The unfortunate thing is that this is an accurate way to measure people consuming music and people misunderstand this as the purpose of the charts. Has Ed Sheeran’s Divide album been the most popular album and set of tracks in the UK over the past 7 days? Absolutely, and it deserves its position at the top for that. Are people engaging with several of the tracks from this album? Certainly they are. Some of them. See, the problem with Spotify and other services being a measuring stick is that too many people listen passively, will play a whole playlist through and all those plays, the songs they love on that playlist and the songs they merely think are okay background noise, will count towards the charts. Now, there’s no way to objectively measure how engaged a listener is but those less engaged listeners will gravitate towards industry-designed playlists and fulfil the record label’s wishes of getting their most invested artists the listens they expect them to. It’s a cold, business model and the quality of the music has little to no bearing because the playlists will get the plays no matter what. And this hurts the music industry.

All industries in entertainment must survive by the best quality product being the most successful, or future creators of entertainment will not strive to make sure that theirs is also the best. What is popular must also not always go the way the big industry experts plan, for one of the beauties of entertainment must be that the people make an informed personal choice about what they choose to make popular, because they like it. That’s basic. The problem with Ed’s album taking up a large majority of the singles chart this week, and the possibility that popular albums taking up multiple spaces in the singles chart could be a regular occurrence, is that this obscures new musical stars from getting their dues at the top of the charts, it plays into the hands of the record labels owning the current biggest stars and ensures that the list of names at the top of the charts remains stagnant. Ed Sheeran came into the music industry in 2011. Name a huge musical name who has come in since. Drake started in 2009, Bieber in 2010, Adele in 2008. The Chainsmokers are more recent, true, but no one is attached to a dance act’s name power, they just take what songs they hear in the club. There have been far less debutants than there have been for a long time getting a shot at the top end of the charts and because of the way that streaming rewards background, ‘nice’, tracks, any new people will want to emulate one of the sounds of those that are already popular. There is limited risk, there is limited variability in the sound that is pervading the top of the chart, and we are heading our way to a very stagnant and dull period of music, purely because of the way that the charts work. I would normally say at this point that it’s okay, there is still good music in the underground, except that’s seeming less and less true as each day goes by, each year I find less and less worth talking about and I blame what has been going on at the top for this. Divide has definitely divided opinion, but it hasn’t divided the music industry into competing against it, and that is the huge problem.

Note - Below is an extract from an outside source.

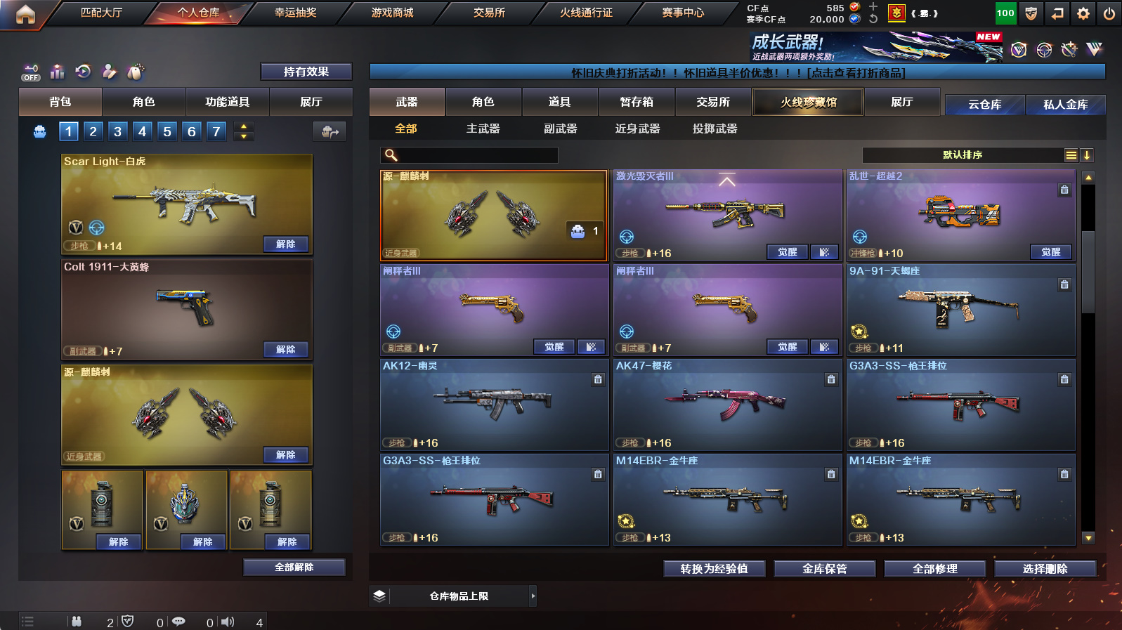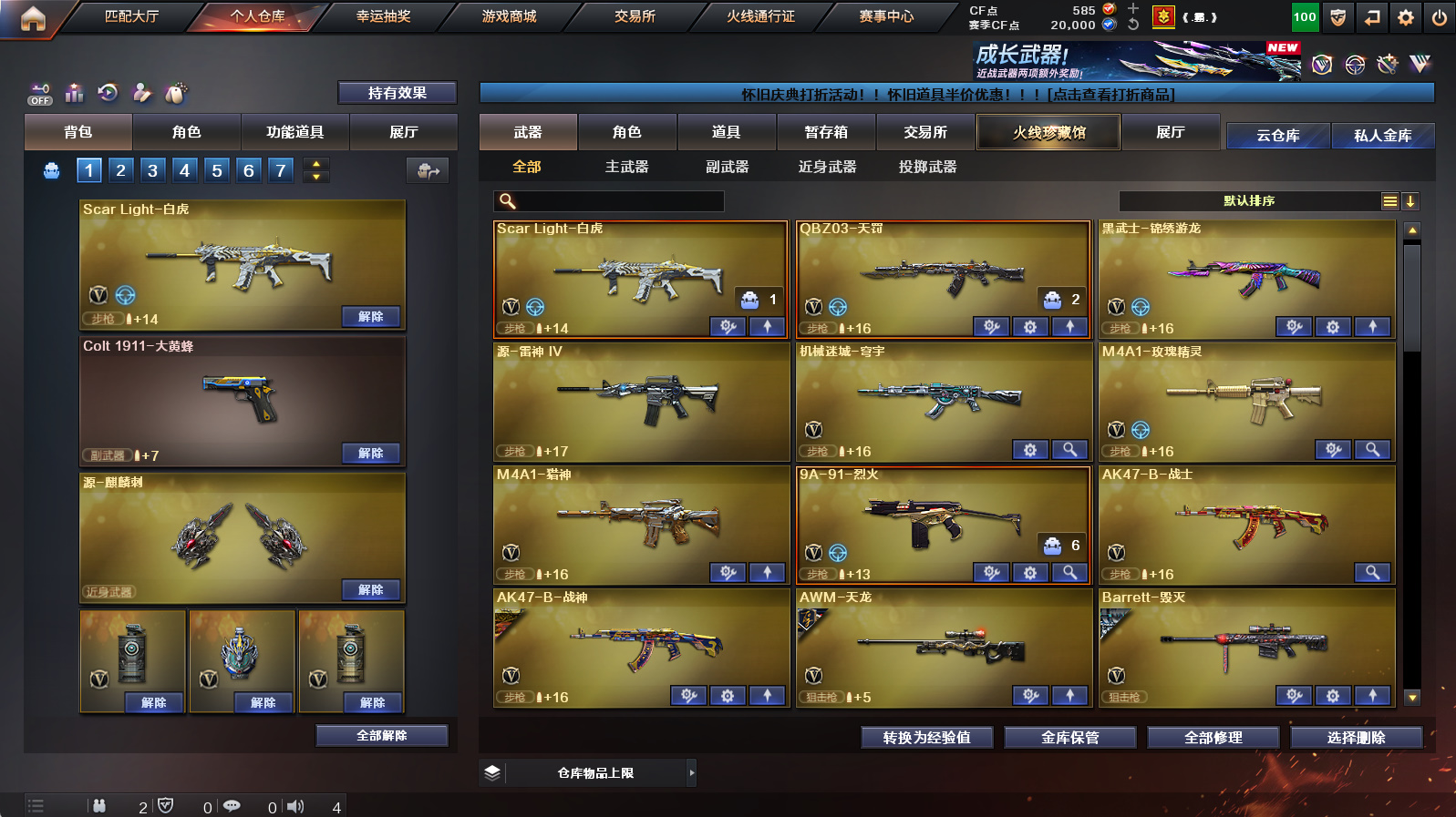 《王者之怒》《1911大黄蜂 cop旗袍》《白虎》《QBZ天罚》《m4猎神》《烈火》《毁灭》《火麒麟》《黑龙》《雷神》《黑骑士》《6炼狱 3烈龙 死亡之眼》《雷神精英刀锋》《金刚伞》《天罚音效卡 毁灭音效卡 黑骑士音效卡 火麒麟音效卡 雷神音效卡》《火麒麟s2018 毁灭s2020 火麒麟冠军之心 雷神s2019 天龙70kg》《永久AC 永久工具钳永久手雷包》;Scar Light-白虎,

Essentially the music industry needs to find a method to incorporate streaming but also allow for much greater fluidity in the chart or it risks total  collapse in innovation as well as its profits. I don’t think I’m indulging in hyperbole either.

(aside: as I’ve written this, Steps have replaced Ed Sheeran at #1 on iTunes in the UK (not necessarily meaning much unless they also have stream numbers but go them). This is a much better start, an act who we all thought was out of the game coming back in with a strong return. Not quite as good as a brand new genre-bending act but it’s a start.)